The success of this launch concludes GSLV Mk III’s developmental phase and initiates it into ISRO’s family of operational launchers. Its first operational mission will be the launch of Chandrayaan-2, ISRO’s second lunar mission, which will take place in January 2019. The vehicle will also be used for India’s future human spaceflight programme, planned to commence in 3 years’ time.

Currently, the vehicle is gradually being upgraded to increase its payload capability to 4 tonnes, with a view to reach a 6-tonne capability using a semi-cryogenic second stage. The ISRO team is also working to increase the launch frequency of the GSLV Mk III – currently, ISRO is equipped to handle 2-3 GSLV Mk III launches per year, but will try to increase it to 4-5 launches per year to keep up with demand.

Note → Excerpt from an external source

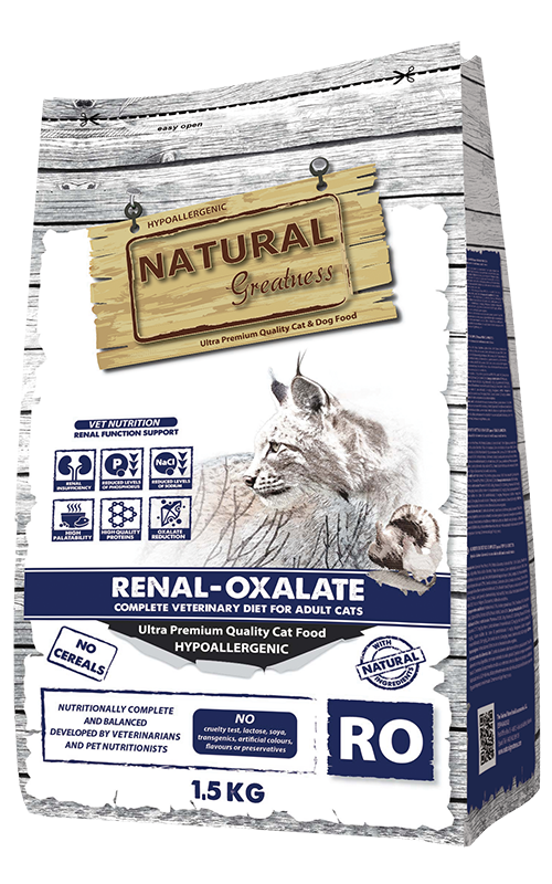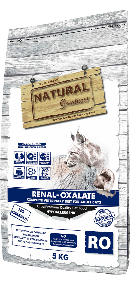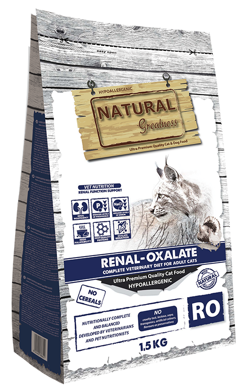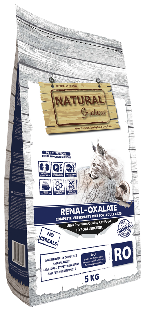 Natural Greatness Renal-Oxalate es una receta hipoalergénica, completa y sin cereales destinada a gatos adultos con insuficiencia renal crónica. Este alimento ayuda a la preservación de la función renal y evita la reaparición de cálculos de oxalato mediante la alcalinización de la orina y la reducción del calcio y de la vitamina D. Incluye proteínas de alta calidad y óptima digestibilidad. Además, debido a su bajo contenido en sodio, esta receta constituye una ayuda a la función uruinaria y cardíaca en caso de insuficiencia cardíaca crónica.

GSLV-Mk III is three-stage vehicle with two solid motor strap-ons, a liquid propellant core stage and a cryogenic stage. The rocket is theoretically capable of launching 4 ton class of satellite to Geosynchronous Transfer orbit (GTO). Yesterday marked the second flight of the vehicle, which was introduced last year on 5 June, with its maiden launch carrying GSAT-19. The vehicle – India’s heaviest launcher yet – is significant for ISRO because it represents a breakthrough in India’s cryogenic capabilities, and is the fruit of a long battle for cryogenic technology that began in the early 90s.

GSAT-29 & upcoming GSAT launches

GSAT-29 is a multi-beam, multiband communication High Throughput Satellite, which carries Ka/Ku-band high throughput communication transponders to connect users in Jammu & Kashmir, as well as North-Eastern India.

Additionally, the satellite carries three advanced technology demonstration payloads – a Q/V-band payload, configured for technology demonstration at higher frequency bands; a Geostationary High Resolution Camera; and an optical communication payload for data transmission from GEO to ground.

Said P. Kunhikrishnan, Director U R Rao Satellite Centre (URSC), “By the end of this month, yet another communications satellite, GSAT-7A will be launched in mid-December. Our largest satellite, GSAT-11 – a HTS satellite having a throughput of 16 Gbps is getting ready for launch at Kourou, French Guiana, on December 4”.